EXERCISE OBJECTIVE: Excluding any images, copy all of the lines below precisely as written.

COLLECTED MATERIAL:
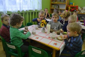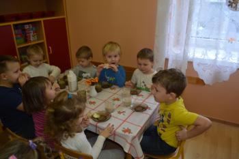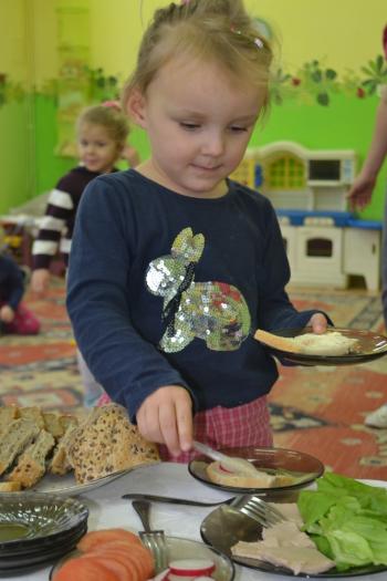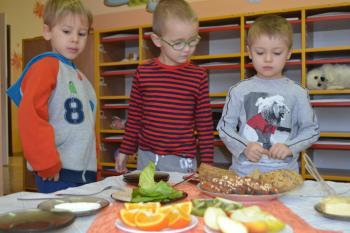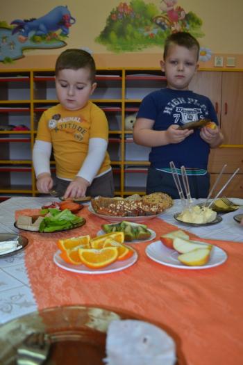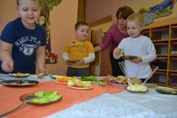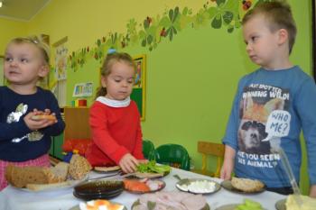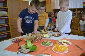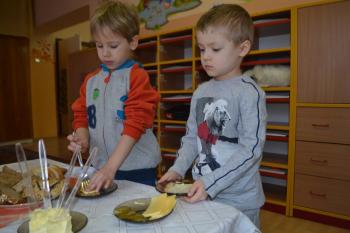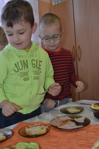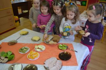 W piątek 30 stycznia 2015 r przedszkolaki we wszystkich grupach wiekowych samodzielnie komponowały swoje kanapki, próbowały smarować pieczywo masłem, dobierały dodatki według własnych upodobań. Jednocześnie dzieci poznawały zasady kulturalnego zachowania podczas takiego posiłku.
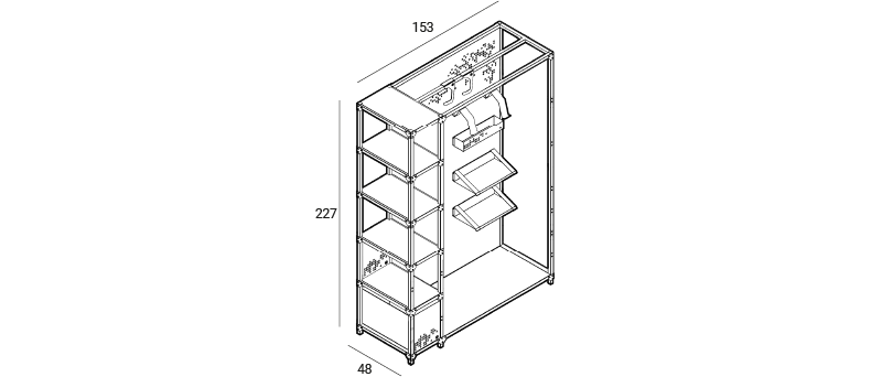 Active Corner è equipaggiato con supporti specifici per organizzare e custodire in modo ottimale le attrezzature sportive.
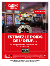 Entre le 11 avril et le 18 avril, rendez vous vite au casino pour estimer le poids de la pièce en chocolat qui sera exposée pour l’occasion. Mais attention, une petite difficulté amène du piment au jeu, puisque vous n’aurez pas le droit de toucher la pièce pour estimer son poids.
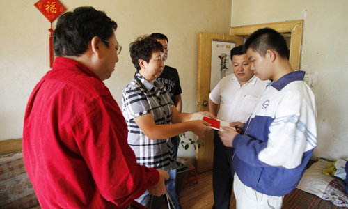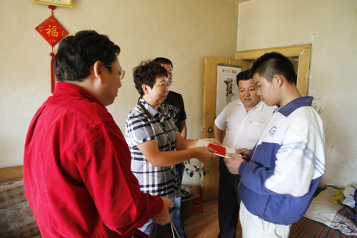 2012年9月14日中午,新疆畜牧科学院科技信息研究所党支部书记王锡波、所长李洁、副所长穆合塔尔等一行五人,来到乌鲁木齐市水磨沟区清泉社区,同社区领导、社区工作人员与畜科院下派清泉社区干部一起来到贫困家庭学生刘俊杰家中,探望、了解刘俊杰同学的学习、生活等方面情况并送上了500元爱心助学金与慰问品。

ANSWER TO THIS EXERCISE:
 W piątek 30 stycznia 2015 r przedszkolaki we wszystkich grupach wiekowych samodzielnie komponowały swoje kanapki, próbowały smarować pieczywo masłem, dobierały dodatki według własnych upodobań. Jednocześnie dzieci poznawały zasady kulturalnego zachowania podczas takiego posiłku.
 Active Corner è equipaggiato con supporti specifici per organizzare e custodire in modo ottimale le attrezzature sportive.
 Entre le 11 avril et le 18 avril, rendez vous vite au casino pour estimer le poids de la pièce en chocolat qui sera exposée pour l’occasion. Mais attention, une petite difficulté amène du piment au jeu, puisque vous n’aurez pas le droit de toucher la pièce pour estimer son poids.
 2012年9月14日中午,新疆畜牧科学院科技信息研究所党支部书记王锡波、所长李洁、副所长穆合塔尔等一行五人,来到乌鲁木齐市水磨沟区清泉社区,同社区领导、社区工作人员与畜科院下派清泉社区干部一起来到贫困家庭学生刘俊杰家中,探望、了解刘俊杰同学的学习、生活等方面情况并送上了500元爱心助学金与慰问品。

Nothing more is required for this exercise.